Building a battery pack for 35W HID canister light - part 1

I had a bit of luck recently and got a 35W HID canister light from a friend for a good price. His was broken and he had already bought a new one, so I had a go at it. The lamp and driver curcuit seemed to be working, but the battery pack was dead. Anyway, building a battery pack should be a doable build, so I bought it from him.

Canister lights are high powered lights often used by divers, a very popular choice is to use 21W HID bulbs (HID - High Intensity Discharge - the same type of bulbs used in modern cars as head lamps). The one I got is a quite powerful 35W version (some people even use 50W versions - but mostly for video lights).

The original battery pack was basically 6 rectangular Li-Po 10 Ah cells, connected in 2 series with 3 cells each (and balance charger circuits + undervoltage/overvoltage protection). They were similar to these from batteryspace.com (which also sells exactly the same protection circuit). The original pack gave the light about 5.5 hours runtime, I thought about making a similar pack - but I rarely need that much runtime. Most of the dives I do are only 45-60 minutes long. Instead of going the dangerous Li-Po road (check out youtube, these things explode and burn if handled incorrectly)

[youtube http://www.youtube.com/watch?v=zQheOtdCTjs]

.. and the batteries in the videos are usually much smaller than the large 20 Ah pack the canister originally had. I decided to go with the much safer NIMH (nickel-metal hydride) cell route. NIMH are much less energy dense per unit of weight, but much easier to handle and doesn't need elaborate protection circuits. Having a heavy canister is actually good for diving, it just replaces weights I would have to bring in my belt anyway.
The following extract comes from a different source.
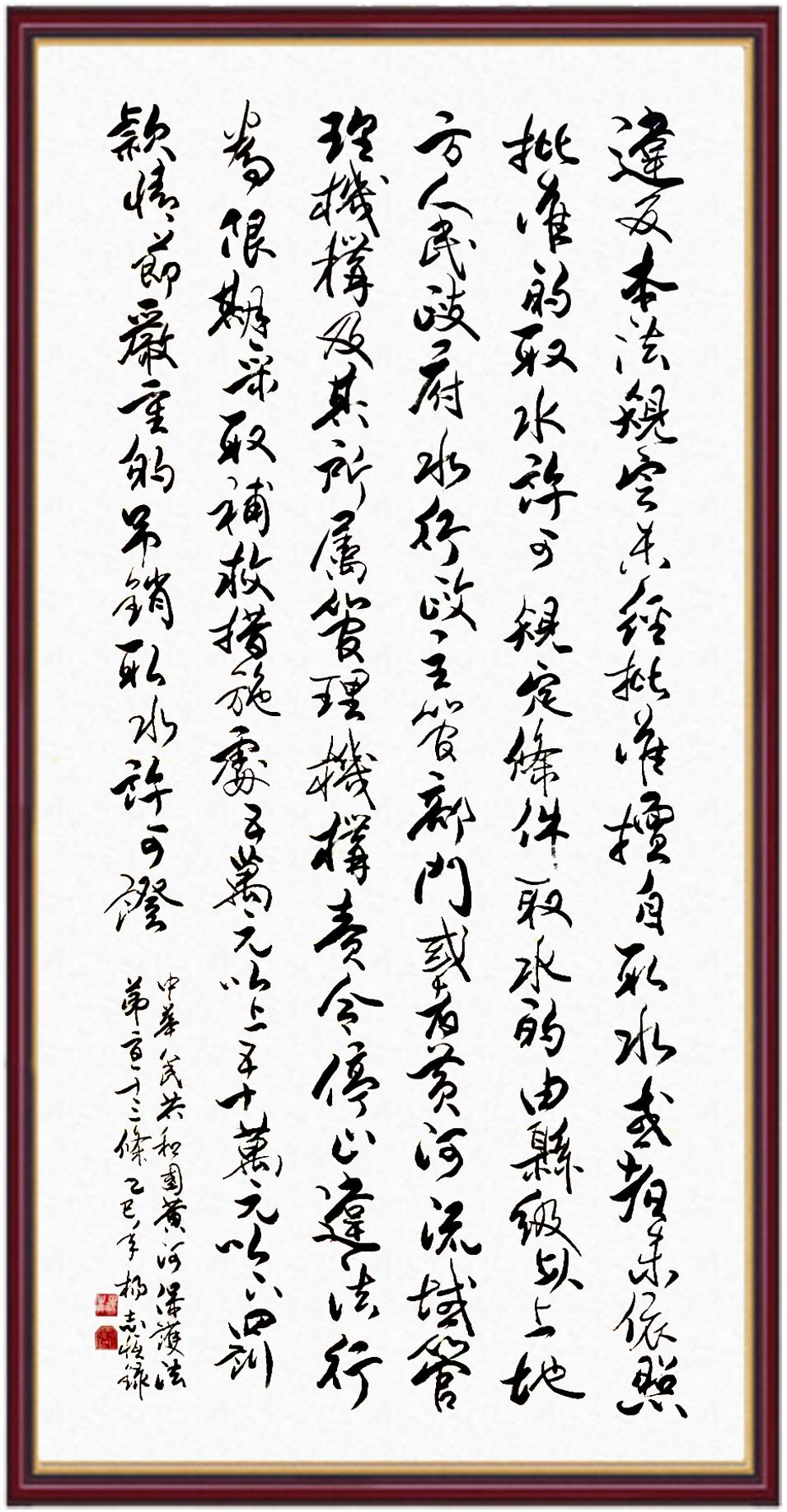 黃河寧,天下平。黃河是中華民族的發(fā)源地和搖籃,保護(hù)黃河是事關(guān)中華民族偉大復(fù)興的千秋大計?!吨腥A人民共和國黃河保護(hù)法》為推進(jìn)水資源節(jié)約集約利用、保護(hù)傳承弘揚黃河文化、推動黃河流域生態(tài)保護(hù)和高質(zhì)量發(fā)展提供了有力法治保障。繼書寫《中華人民共和國民法典》《中華人民共和國憲法》《中華人民共和國澳門特別行政區(qū)基本法》《中華人民共和國香港特別行政區(qū)基本法》《中華人民共和國國旗法》《中華人民共和國國徽法》《中華人民共和國國歌法》《中華人民共和國法官法》等法律法規(guī)之后,法制日報社聯(lián)合沿黃九?。▍^(qū))司法廳、書法家協(xié)會,將筆端對準(zhǔn)《中華人民共和國黃河保護(hù)法》。

I looked around for different cells that could work for my canister, 4/3AF (1.2v 4500 mah) seemed interesting, but in the end I settled on Sub-C 1.2v 5000 mah cells from Tenergy (Propel).

My goal was to build a pack with about 10 Ah of umph at 12 volt.. So 2 series (10 cells each) in parallel would give me 10 Ah 12 volt. Having large parallel series can however be a problem.. if one cell in a series short circuit internally, then the other series would dump all it's power to it (massive overload). To avoid this I plan to isolate the series using a beefy schottky diode, and also charge them seperately.

I built the pack using 6 rows of 3 batteries (soldered together), and the final two batteries added to the middle. Cut out some plastic lid for top and bottom, and then heat shrink wrapped it all. At the moment I've used some old JST connectors, but I'm waiting to get XT-60 connectors as the JSTs are running a bit too warm for comfort when the light is on.

For charging I bought two pretty cool microcontroller based chargers from Hobby King: Turnigy Accucel-6. They charge pretty much everything you throw at them - and they only cost $23 each!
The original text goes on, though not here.